= McDonald Campground =

SMONEĆTEN Campground is located in the town of Sidney on Vancouver Island, British Columbia. SMONEĆTEN Campground is 20 hectares of forested parkland and can be accessed from the Pat Bay Highway (Highway 17). Previously, SMONEĆTEN Campground was managed by the province of British Columbia and known as McDonald Campground. Today SMONEĆTEN Campground is a part of Gulf Islands National Park Reserve. The campground was renamed to SMONECTEN in 2021.

==Landscape==
Tent pads are separated by second-growth Douglas fir, Western red cedar and broadleaf maple trees. Some sites are in the sun, others in the shade.
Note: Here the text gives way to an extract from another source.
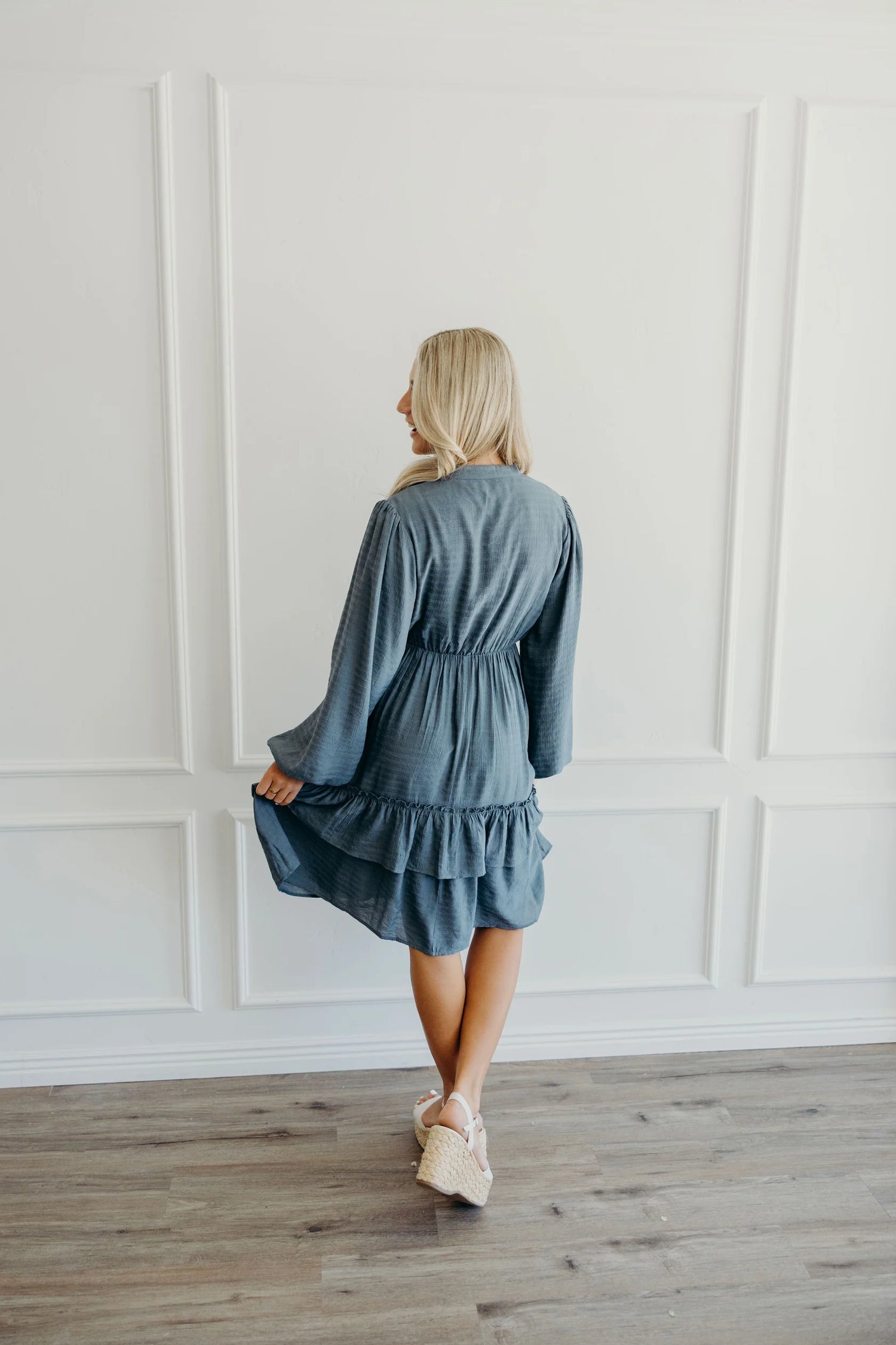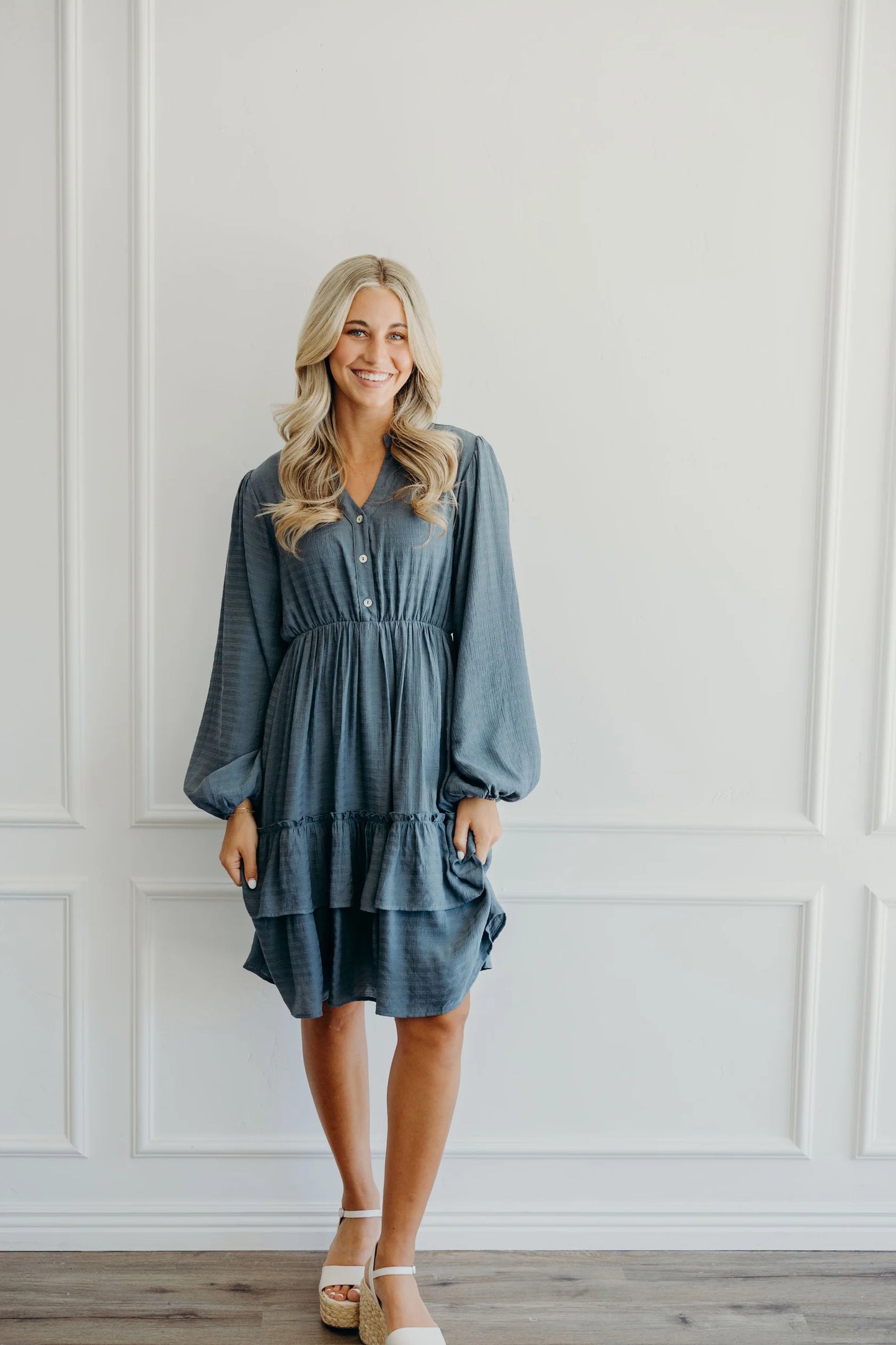 Knee length dress with double ruffle hem, elastic natural waist, v neckline with button detail, long balloon sleeves.

There are municipal parks and community trails nearby to explore.

==Camping==
SMONEĆTEN Campground is in close proximity to the town of Sidney, to the city of Victoria and to the Swartz Bay and Sidney-Anacortes ferry terminals. Victoria Regional Transit provides service to-and-from the campground . There are 49 drive-in, frontcountry campsites available. Campsites are suitable for tents, tent-trailers, truck-campers, motorhomes or recreational vehicles, but no electric hook-up is available. Amenities include potable water, pit toilets, picnic tables and fire pits (which are seasonally available). Campsites at SMONEĆTEN Campground are reservable.